Took me a while but i got it. i like it.
People are bound to remember the ones that bamboozle the hell out of them.


----------



## boing! (Mar 21, 2011)

‘My grasp of neo-liberal economics is better than my placard making abilities’


----------



## imposs1904 (Mar 21, 2011)

butchersapron said:


> _Has anyone got the cricket score?_



Is this a reference to Saturday's England/Wales international?

Harsh.


----------



## ViolentPanda (Mar 21, 2011)

Proper Tidy said:


> I don't actually like cricket though


 
You love it!


----------



## Proper Tidy (Mar 21, 2011)

lol

Rambo's gonna get a hat trick


----------



## past caring (Mar 21, 2011)

imposs1904 said:


> Is this a reference to Saturday's England/Wales international?
> 
> Harsh.


 
I don't think England will lose by _that_ many.


----------



## ViolentPanda (Mar 21, 2011)

boing! said:


> ‘My grasp of neo-liberal economics is better than my placard making abilities’


 

Or, conversely, you could produce a really shitty placard with the slogan "the government's grasp of economics is poorer than my placard-making abilities" on it.


----------



## butchersapron (Mar 21, 2011)

imposs1904 said:


> Is this a reference to Saturday's England/Wales international?
> 
> Harsh.


 
On who!


----------



## fractionMan (Mar 21, 2011)

obligatory Tesco value placard


----------



## Proper Tidy (Mar 21, 2011)

What placards are class war rocking at the moment?


----------



## emma goldman (Mar 21, 2011)

Proper Tidy said:


> What placards are class war rocking at the moment?

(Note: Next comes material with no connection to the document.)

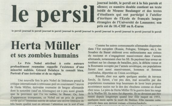 Journal inédit, le persil est à la fois parole et silence; ce numéro double est dédié à l’écrivain Hugo Loetscher; cet exemplaire coûte 10.- CHF ou 7.- Euros. Eté 2010, 24 pages. Contributions de : Hugo Loetscher, Moritz Leuenberger, Jean-Louis Kuffer, Isabelle Rüf, Etienne Barilier, Mousse Boulanger, Jeroen Dewulf, René […]

I've seen quite a few of their "wanker" ones at various anti-cuts and student fees demos.


----------



## Proper Tidy (Mar 21, 2011)

emma goldman said:


> I've seen quite a few of their "wanker" ones at various anti-cuts and student fees demos.


 
I was hoping they may have launched a new range, but wanker is indeed effective.


----------



## past caring (Mar 21, 2011)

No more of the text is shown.